*** SOURCE MATERIAL Section Begins ***

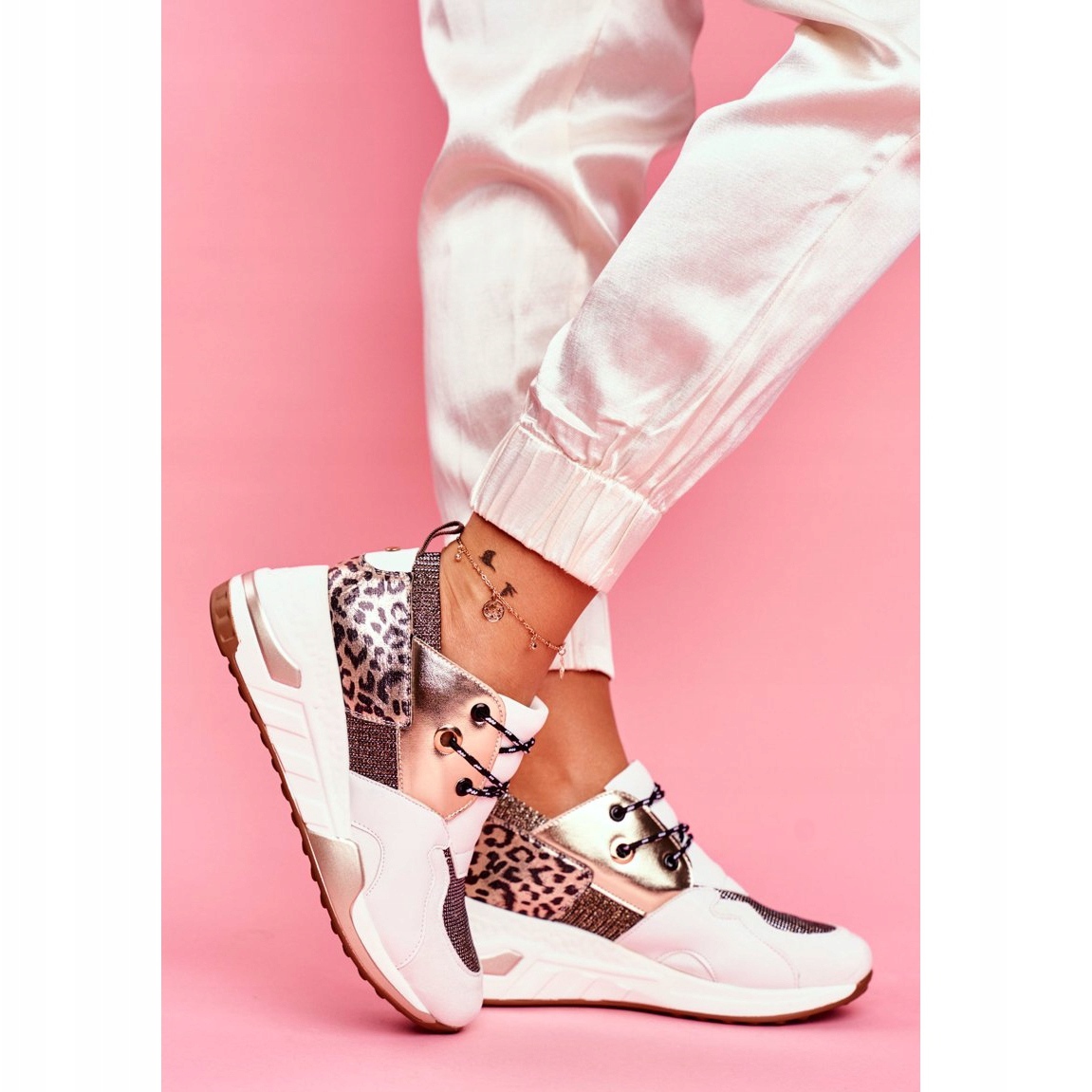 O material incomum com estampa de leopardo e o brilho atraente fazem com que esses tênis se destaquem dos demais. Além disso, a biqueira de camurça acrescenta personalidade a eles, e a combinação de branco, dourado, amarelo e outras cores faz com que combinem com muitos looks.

*** SOURCE MATERIAL Section Ends ***
*** SOURCE MATERIAL Section Begins ***

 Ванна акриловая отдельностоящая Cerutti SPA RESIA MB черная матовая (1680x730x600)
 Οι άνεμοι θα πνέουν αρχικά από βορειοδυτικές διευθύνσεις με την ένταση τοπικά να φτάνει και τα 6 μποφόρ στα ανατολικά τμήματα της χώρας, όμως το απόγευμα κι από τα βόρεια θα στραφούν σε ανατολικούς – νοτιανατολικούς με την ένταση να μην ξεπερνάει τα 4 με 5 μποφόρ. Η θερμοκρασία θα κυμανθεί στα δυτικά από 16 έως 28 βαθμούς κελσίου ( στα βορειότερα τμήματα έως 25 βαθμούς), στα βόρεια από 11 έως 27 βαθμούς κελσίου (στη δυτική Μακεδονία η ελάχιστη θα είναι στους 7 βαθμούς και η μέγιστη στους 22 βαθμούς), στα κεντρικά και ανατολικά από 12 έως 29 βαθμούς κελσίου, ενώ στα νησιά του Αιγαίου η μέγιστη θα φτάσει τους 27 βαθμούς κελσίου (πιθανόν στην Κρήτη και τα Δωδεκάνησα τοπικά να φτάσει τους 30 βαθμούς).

*** SOURCE MATERIAL Section Ends ***

**TASK ITEM**
Of the entries above, repeat exactly the lines from the line with "Ванна акриловая отдельностоящая" through the line with "Οι άνεμοι θα", both of them included.

**ANSWER**
 Ванна акриловая отдельностоящая Cerutti SPA RESIA MB черная матовая (1680x730x600)
 Οι άνεμοι θα πνέουν αρχικά από βορειοδυτικές διευθύνσεις με την ένταση τοπικά να φτάνει και τα 6 μποφόρ στα ανατολικά τμήματα της χώρας, όμως το απόγευμα κι από τα βόρεια θα στραφούν σε ανατολικούς – νοτιανατολικούς με την ένταση να μην ξεπερνάει τα 4 με 5 μποφόρ. Η θερμοκρασία θα κυμανθεί στα δυτικά από 16 έως 28 βαθμούς κελσίου ( στα βορειότερα τμήματα έως 25 βαθμούς), στα βόρεια από 11 έως 27 βαθμούς κελσίου (στη δυτική Μακεδονία η ελάχιστη θα είναι στους 7 βαθμούς και η μέγιστη στους 22 βαθμούς), στα κεντρικά και ανατολικά από 12 έως 29 βαθμούς κελσίου, ενώ στα νησιά του Αιγαίου η μέγιστη θα φτάσει τους 27 βαθμούς κελσίου (πιθανόν στην Κρήτη και τα Δωδεκάνησα τοπικά να φτάσει τους 30 βαθμούς).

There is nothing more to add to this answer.